- _WHAT TO PRODUCE_
The required output is the lines from the one with "We zagen het" through the end of the data, repeated verbatim, with no pictures included.

- _TASK INPUT_
= Beginning of Section =
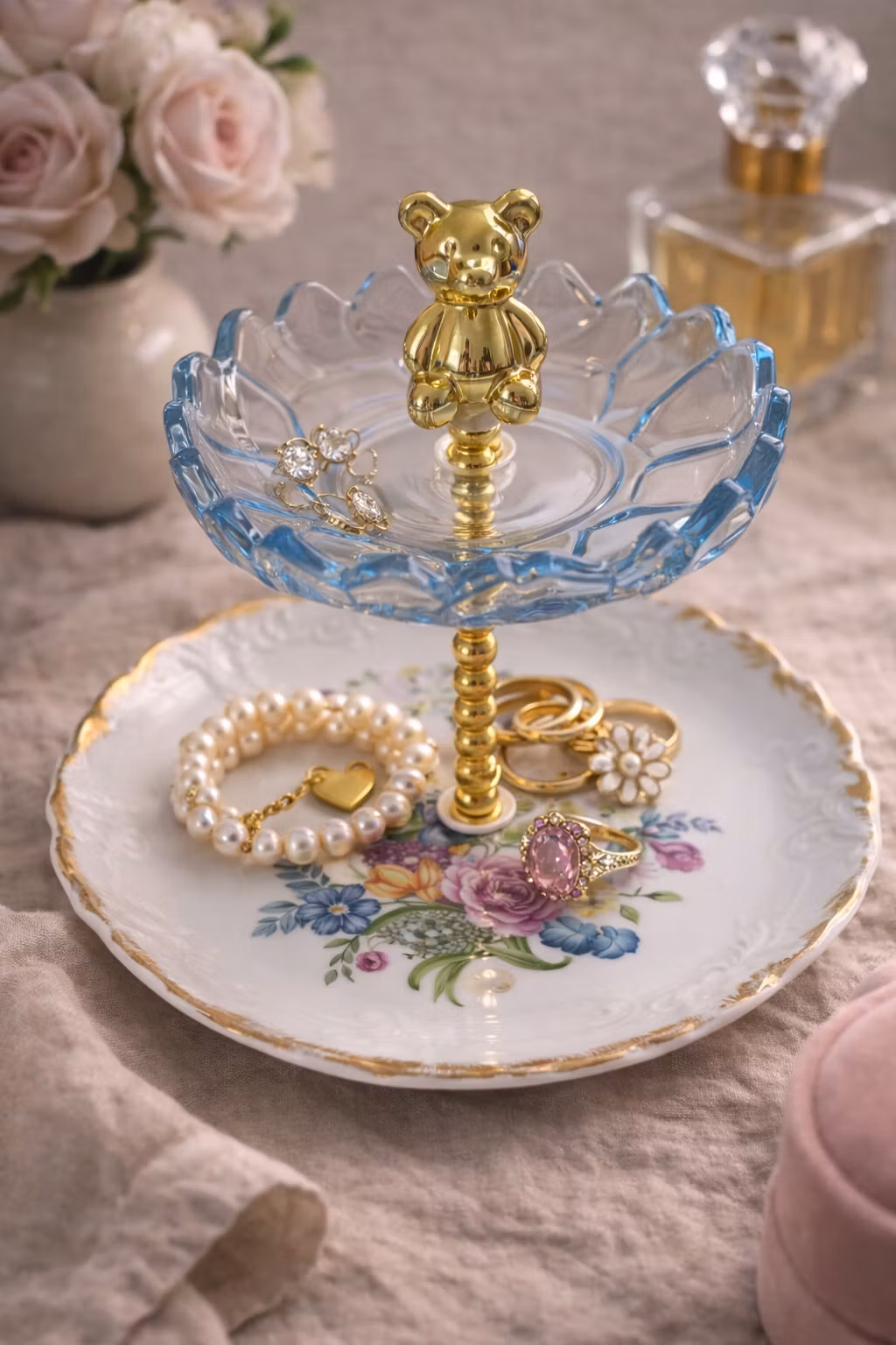 🩵Petit etasjefat – Pastell & Gull 🩷
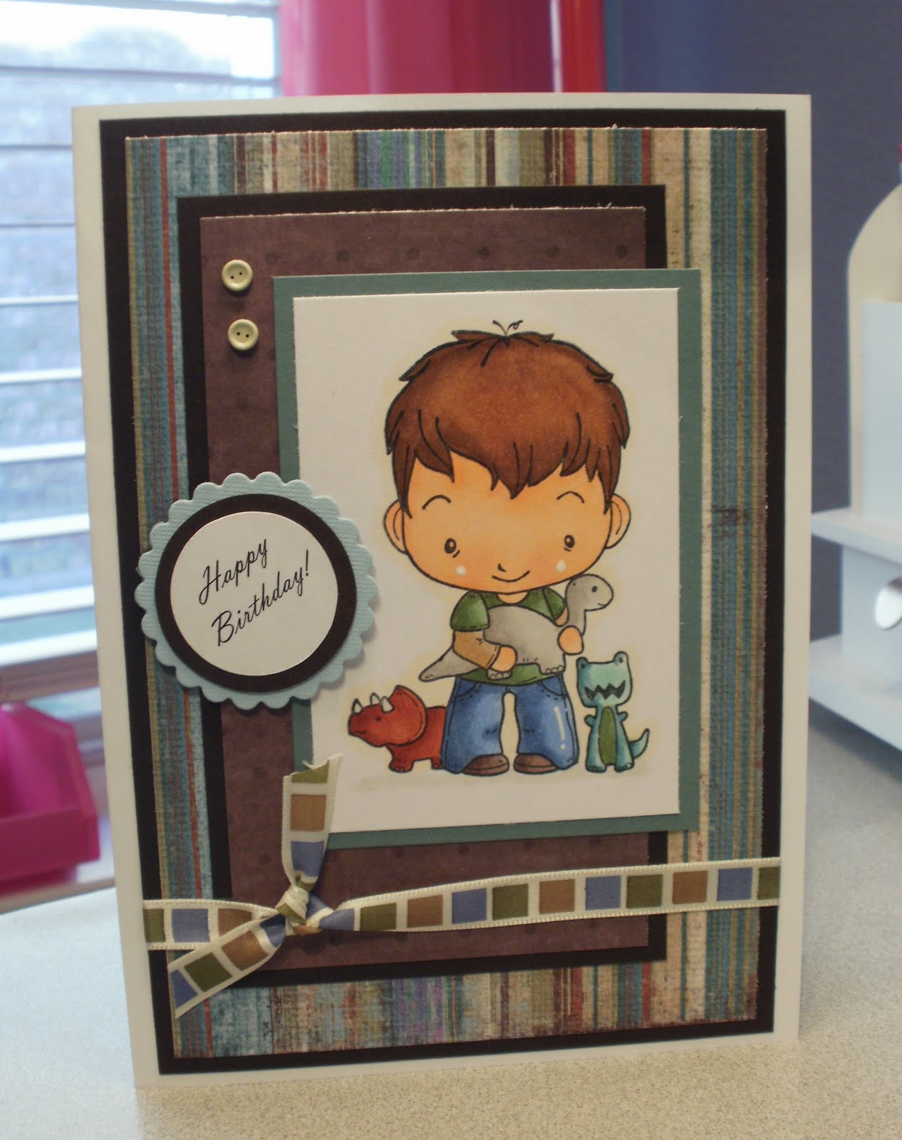 Image is colored with copics, patterned paper is by My Mind's Eye, Ribbon is Making Memories (I think). :)
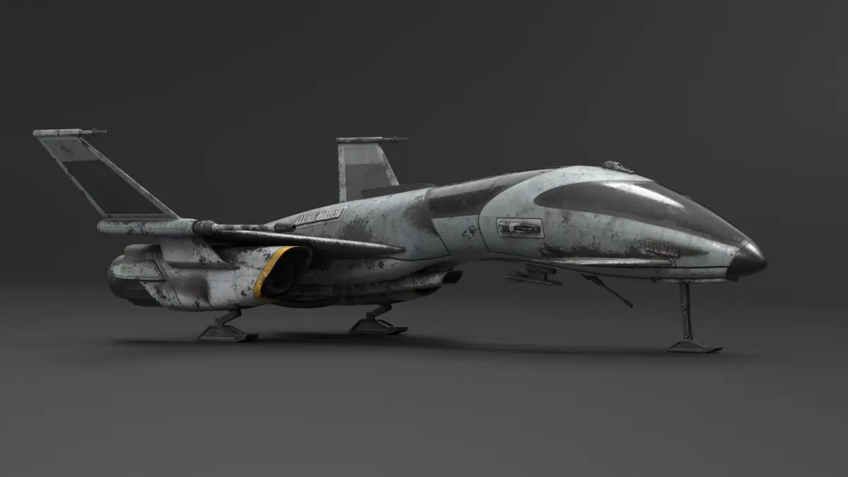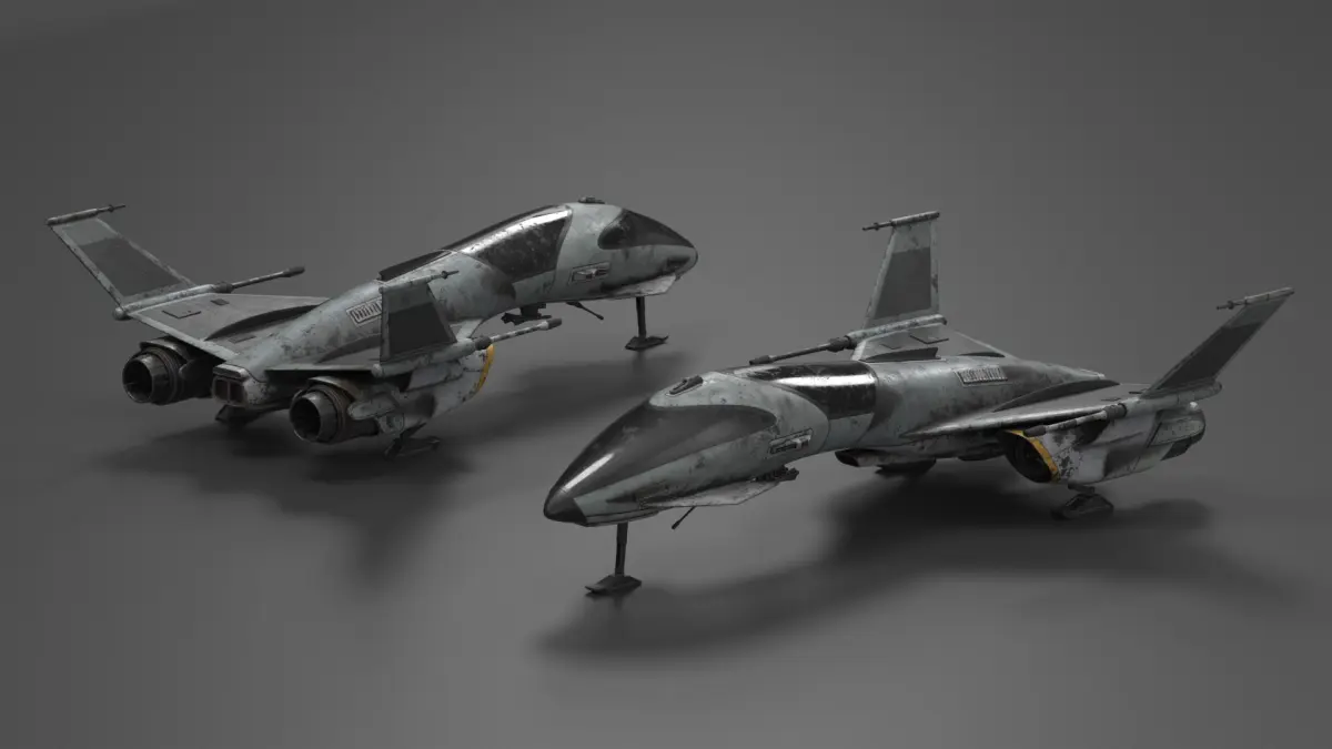 Dirty Futuristic Fighter Spaceship Rigged for Cinema 4D is a 3d model of heavily modified and battle-worn starfighter that embodies a gritty aesthetic.
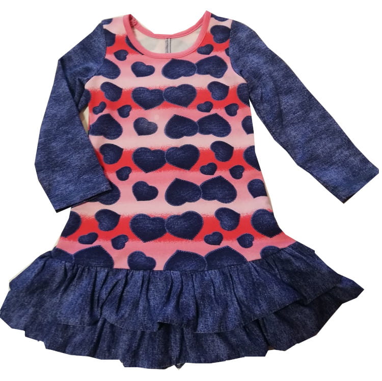 Sukieneczka dziewczęca z długim rękawem polskiej firmy Sarum. Sukienka ma dół i rękawy w kolorze granatowego jeansu, natomiast góra jest w szerokie ciemno i jasno różowe pasy, na których są granatowe serduszka. Pod szyją sukienka jest gładko wykończona różową lamówką. Stan sukienki jest lekko obniżony, a poniżej są dwie mocno marszczone, granatowe falbany. Bardzo twarzowa kolorystyka.
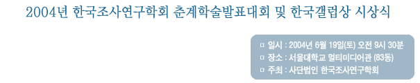 ※ 문의 : 한국조사연구학회 서우석 총무(2210-5637, 019-228-4600, usseo@uos.ac.kr)
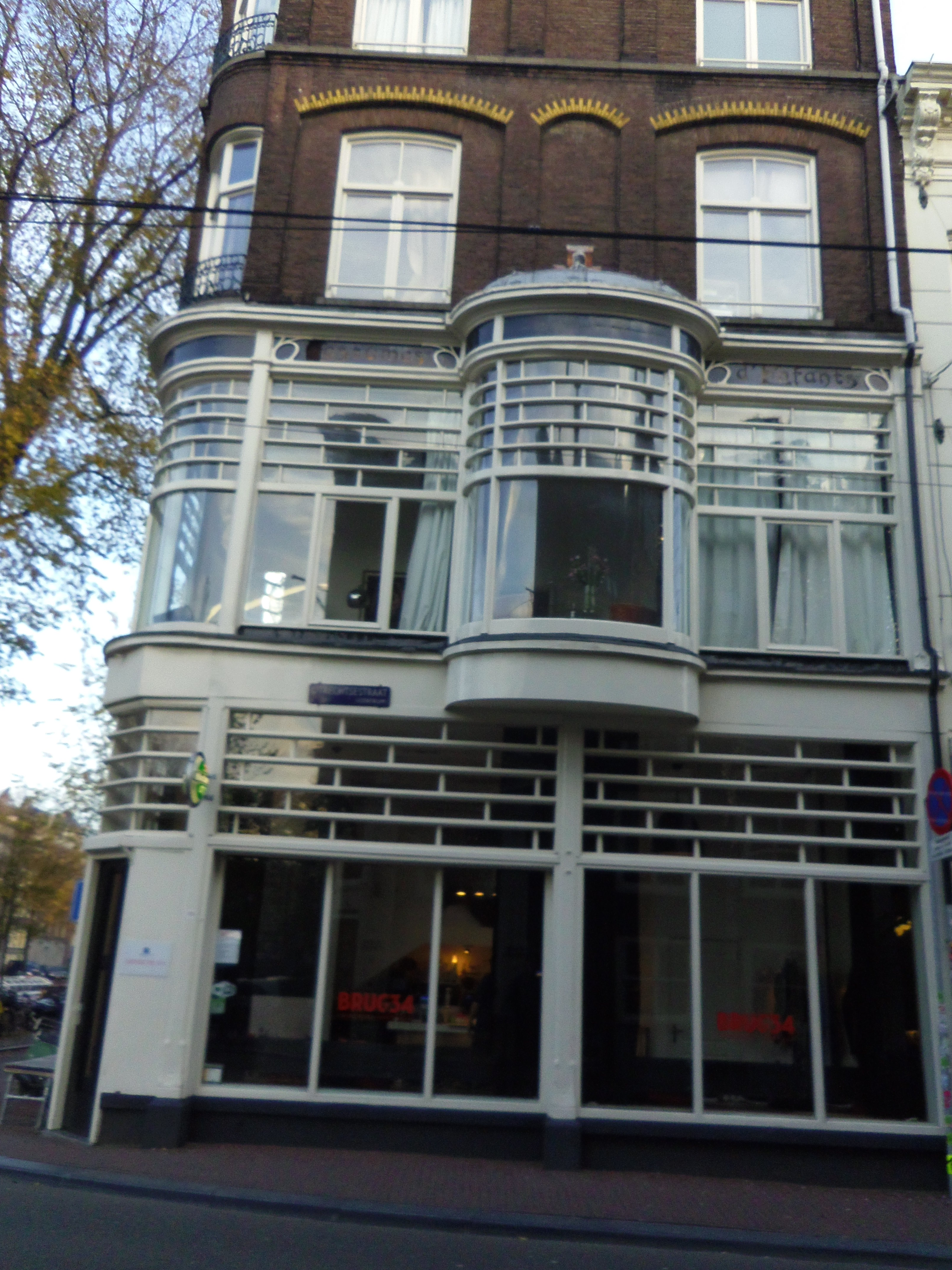 We zagen het NIOD… een uitbundig bewerkte gevel. O, zitten zij hier, wat mooi! Maar niet open.
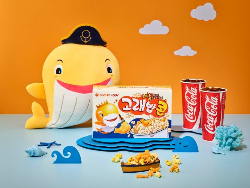 CGV는 오리온의 스테디셀러인 ‘고래밥’과 콜라보한 신메뉴 ‘고래밥콘’을 출시한다고 8일 밝혔다. ‘고래밥콘’은 CGV의 대표 메뉴인 팝콘 위에 오리온이 이달 출시한 ‘달콤치즈맛 고래밥’을 토핑으로 올려 제공하는 새로운 조합의 팝콘이다.
= End of Section =
- _EXERCISE OUTPUT_
 We zagen het NIOD… een uitbundig bewerkte gevel. O, zitten zij hier, wat mooi! Maar niet open.
 CGV는 오리온의 스테디셀러인 ‘고래밥’과 콜라보한 신메뉴 ‘고래밥콘’을 출시한다고 8일 밝혔다. ‘고래밥콘’은 CGV의 대표 메뉴인 팝콘 위에 오리온이 이달 출시한 ‘달콤치즈맛 고래밥’을 토핑으로 올려 제공하는 새로운 조합의 팝콘이다.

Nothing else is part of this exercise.